- **INSTRUCTIONS FOR THE TASK**: An exact reproduction is required of the lines from the beginning of the entries through the line with "Clear your snowy", pictures excluded and nothing added.

- **PROVIDED INFORMATION**:
##########

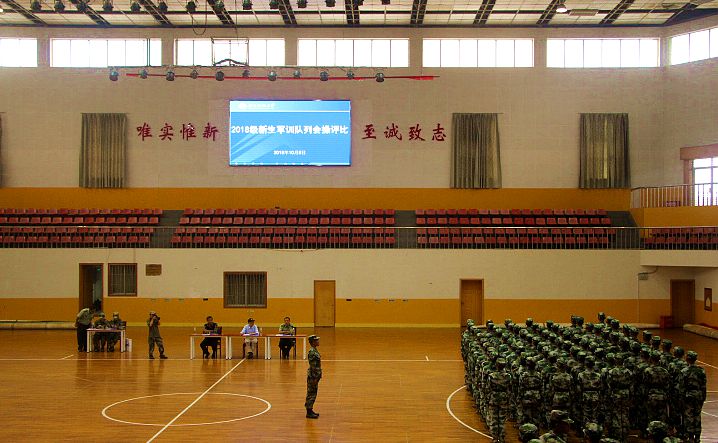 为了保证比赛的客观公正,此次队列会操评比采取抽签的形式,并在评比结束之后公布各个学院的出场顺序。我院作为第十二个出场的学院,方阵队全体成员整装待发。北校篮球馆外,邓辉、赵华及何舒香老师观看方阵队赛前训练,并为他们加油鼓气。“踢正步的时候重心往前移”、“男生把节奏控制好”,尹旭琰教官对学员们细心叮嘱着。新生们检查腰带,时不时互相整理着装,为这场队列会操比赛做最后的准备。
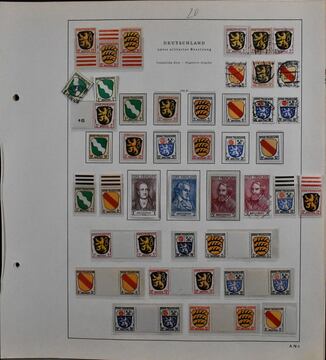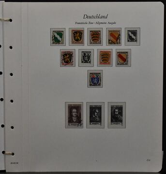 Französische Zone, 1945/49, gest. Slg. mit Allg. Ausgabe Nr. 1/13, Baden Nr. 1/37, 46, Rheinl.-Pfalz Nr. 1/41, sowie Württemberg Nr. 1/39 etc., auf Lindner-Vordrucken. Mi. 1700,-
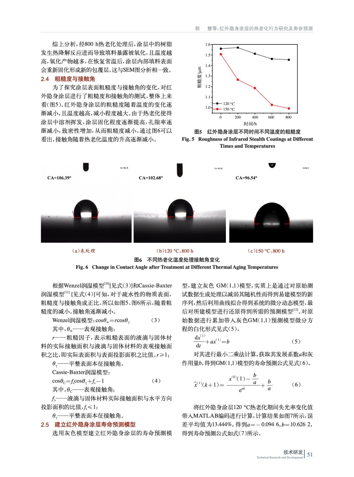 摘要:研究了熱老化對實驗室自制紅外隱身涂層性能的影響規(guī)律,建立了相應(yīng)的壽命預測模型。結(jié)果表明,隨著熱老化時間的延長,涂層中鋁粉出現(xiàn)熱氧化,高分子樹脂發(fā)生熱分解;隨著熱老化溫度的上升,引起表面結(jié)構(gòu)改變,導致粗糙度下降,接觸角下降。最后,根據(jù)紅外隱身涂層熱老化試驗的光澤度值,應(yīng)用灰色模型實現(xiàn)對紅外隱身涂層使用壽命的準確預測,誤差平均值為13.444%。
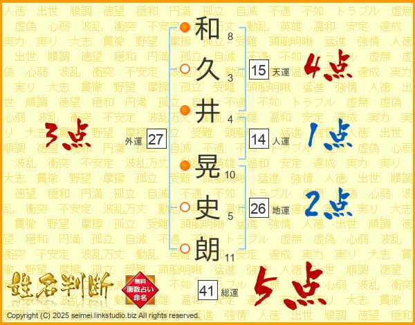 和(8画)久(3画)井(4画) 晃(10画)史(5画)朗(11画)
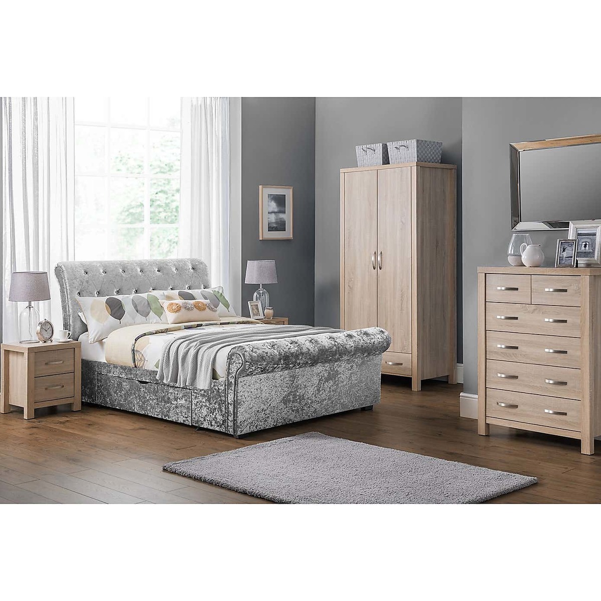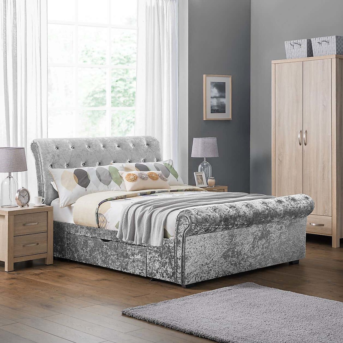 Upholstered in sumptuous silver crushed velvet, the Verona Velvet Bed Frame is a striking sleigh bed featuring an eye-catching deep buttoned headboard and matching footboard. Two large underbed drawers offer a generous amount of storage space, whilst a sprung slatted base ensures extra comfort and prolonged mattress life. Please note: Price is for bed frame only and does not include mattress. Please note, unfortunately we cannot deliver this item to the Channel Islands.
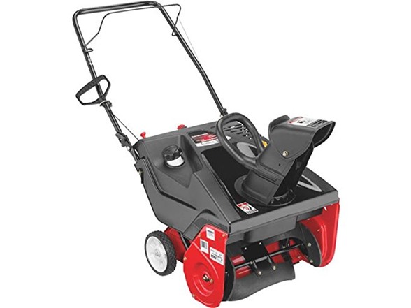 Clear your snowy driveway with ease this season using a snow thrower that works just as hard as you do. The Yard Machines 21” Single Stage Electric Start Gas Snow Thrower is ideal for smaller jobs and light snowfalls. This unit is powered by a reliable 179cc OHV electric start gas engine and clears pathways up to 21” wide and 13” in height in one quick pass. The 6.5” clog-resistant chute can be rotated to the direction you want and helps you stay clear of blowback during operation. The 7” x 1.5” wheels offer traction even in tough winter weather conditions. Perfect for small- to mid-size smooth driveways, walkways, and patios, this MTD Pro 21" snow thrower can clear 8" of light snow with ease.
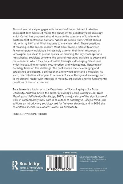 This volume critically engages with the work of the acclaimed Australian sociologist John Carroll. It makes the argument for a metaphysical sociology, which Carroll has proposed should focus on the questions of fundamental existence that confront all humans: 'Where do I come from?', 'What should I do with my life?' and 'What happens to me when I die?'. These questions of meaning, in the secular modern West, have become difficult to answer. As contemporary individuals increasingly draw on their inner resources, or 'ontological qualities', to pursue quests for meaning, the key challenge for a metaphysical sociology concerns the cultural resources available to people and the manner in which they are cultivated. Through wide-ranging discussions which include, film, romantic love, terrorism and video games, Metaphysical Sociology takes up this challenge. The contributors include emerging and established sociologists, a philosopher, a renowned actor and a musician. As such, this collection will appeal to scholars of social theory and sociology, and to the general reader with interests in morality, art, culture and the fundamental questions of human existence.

##########

- **OUTPUT OF THE EXERCISE**:
 为了保证比赛的客观公正,此次队列会操评比采取抽签的形式,并在评比结束之后公布各个学院的出场顺序。我院作为第十二个出场的学院,方阵队全体成员整装待发。北校篮球馆外,邓辉、赵华及何舒香老师观看方阵队赛前训练,并为他们加油鼓气。“踢正步的时候重心往前移”、“男生把节奏控制好”,尹旭琰教官对学员们细心叮嘱着。新生们检查腰带,时不时互相整理着装,为这场队列会操比赛做最后的准备。
 Französische Zone, 1945/49, gest. Slg. mit Allg. Ausgabe Nr. 1/13, Baden Nr. 1/37, 46, Rheinl.-Pfalz Nr. 1/41, sowie Württemberg Nr. 1/39 etc., auf Lindner-Vordrucken. Mi. 1700,-
 摘要:研究了熱老化對實驗室自制紅外隱身涂層性能的影響規(guī)律,建立了相應(yīng)的壽命預測模型。結(jié)果表明,隨著熱老化時間的延長,涂層中鋁粉出現(xiàn)熱氧化,高分子樹脂發(fā)生熱分解;隨著熱老化溫度的上升,引起表面結(jié)構(gòu)改變,導致粗糙度下降,接觸角下降。最后,根據(jù)紅外隱身涂層熱老化試驗的光澤度值,應(yīng)用灰色模型實現(xiàn)對紅外隱身涂層使用壽命的準確預測,誤差平均值為13.444%。
 和(8画)久(3画)井(4画) 晃(10画)史(5画)朗(11画)
 Upholstered in sumptuous silver crushed velvet, the Verona Velvet Bed Frame is a striking sleigh bed featuring an eye-catching deep buttoned headboard and matching footboard. Two large underbed drawers offer a generous amount of storage space, whilst a sprung slatted base ensures extra comfort and prolonged mattress life. Please note: Price is for bed frame only and does not include mattress. Please note, unfortunately we cannot deliver this item to the Channel Islands.
 Clear your snowy driveway with ease this season using a snow thrower that works just as hard as you do. The Yard Machines 21” Single Stage Electric Start Gas Snow Thrower is ideal for smaller jobs and light snowfalls. This unit is powered by a reliable 179cc OHV electric start gas engine and clears pathways up to 21” wide and 13” in height in one quick pass. The 6.5” clog-resistant chute can be rotated to the direction you want and helps you stay clear of blowback during operation. The 7” x 1.5” wheels offer traction even in tough winter weather conditions. Perfect for small- to mid-size smooth driveways, walkways, and patios, this MTD Pro 21" snow thrower can clear 8" of light snow with ease.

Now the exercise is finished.